Segment Open
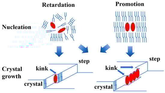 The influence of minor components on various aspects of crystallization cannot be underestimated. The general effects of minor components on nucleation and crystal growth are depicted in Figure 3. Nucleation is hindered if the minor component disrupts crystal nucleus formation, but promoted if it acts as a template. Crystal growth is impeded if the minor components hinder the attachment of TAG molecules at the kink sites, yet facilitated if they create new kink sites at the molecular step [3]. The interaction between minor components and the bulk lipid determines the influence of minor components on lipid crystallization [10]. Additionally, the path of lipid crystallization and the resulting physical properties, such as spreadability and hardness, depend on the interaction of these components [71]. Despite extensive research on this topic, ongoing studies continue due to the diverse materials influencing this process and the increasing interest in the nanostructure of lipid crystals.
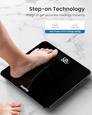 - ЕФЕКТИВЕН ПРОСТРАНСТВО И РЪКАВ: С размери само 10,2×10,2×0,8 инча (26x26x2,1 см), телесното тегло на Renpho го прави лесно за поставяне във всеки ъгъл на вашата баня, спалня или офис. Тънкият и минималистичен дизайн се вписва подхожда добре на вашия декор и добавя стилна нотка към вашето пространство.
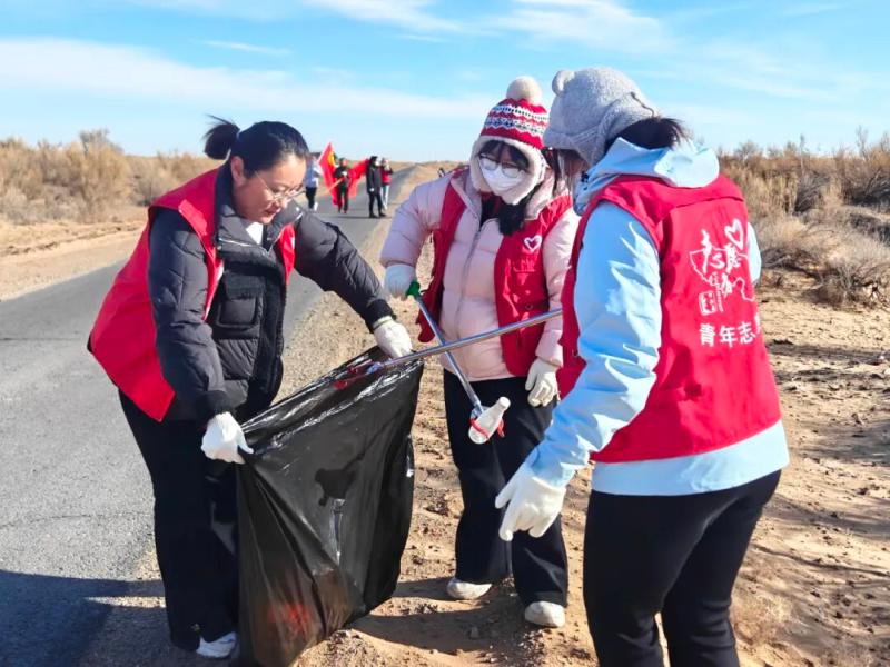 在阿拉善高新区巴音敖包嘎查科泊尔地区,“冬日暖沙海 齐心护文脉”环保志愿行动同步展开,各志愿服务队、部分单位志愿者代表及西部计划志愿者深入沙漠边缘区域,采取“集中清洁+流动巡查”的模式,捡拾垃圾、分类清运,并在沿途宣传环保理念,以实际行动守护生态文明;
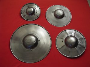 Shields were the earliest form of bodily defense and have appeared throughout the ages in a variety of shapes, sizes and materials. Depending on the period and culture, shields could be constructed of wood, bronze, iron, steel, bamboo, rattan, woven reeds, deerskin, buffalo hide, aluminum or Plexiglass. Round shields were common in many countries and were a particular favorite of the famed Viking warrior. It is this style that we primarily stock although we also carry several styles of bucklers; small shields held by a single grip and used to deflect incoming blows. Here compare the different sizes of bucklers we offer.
Segment Closed
Segment Open
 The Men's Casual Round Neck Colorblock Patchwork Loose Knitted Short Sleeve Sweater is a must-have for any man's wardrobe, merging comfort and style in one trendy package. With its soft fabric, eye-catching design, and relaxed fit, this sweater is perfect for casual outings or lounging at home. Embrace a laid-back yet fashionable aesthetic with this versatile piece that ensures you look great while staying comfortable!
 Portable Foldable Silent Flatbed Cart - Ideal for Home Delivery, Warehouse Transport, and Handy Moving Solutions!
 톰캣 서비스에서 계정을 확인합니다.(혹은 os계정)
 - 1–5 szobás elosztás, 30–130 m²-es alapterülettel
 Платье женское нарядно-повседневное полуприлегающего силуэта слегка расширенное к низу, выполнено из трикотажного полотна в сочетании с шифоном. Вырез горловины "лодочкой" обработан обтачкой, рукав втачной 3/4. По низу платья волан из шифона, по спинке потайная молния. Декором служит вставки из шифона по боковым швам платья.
Segment Closed
*THE TASK*
Taking the listing above as the source, transcribe only the lines starting at the line with "톰캣 서비스에서 계정을 확인합니다.(혹은 os계정)" and going through the line with "Платье женское нарядно-повседневное", unaltered and with both ends included.

*YOUR SOLUTION*
 톰캣 서비스에서 계정을 확인합니다.(혹은 os계정)
 - 1–5 szobás elosztás, 30–130 m²-es alapterülettel
 Платье женское нарядно-повседневное полуприлегающего силуэта слегка расширенное к низу, выполнено из трикотажного полотна в сочетании с шифоном. Вырез горловины "лодочкой" обработан обтачкой, рукав втачной 3/4. По низу платья волан из шифона, по спинке потайная молния. Декором служит вставки из шифона по боковым швам платья.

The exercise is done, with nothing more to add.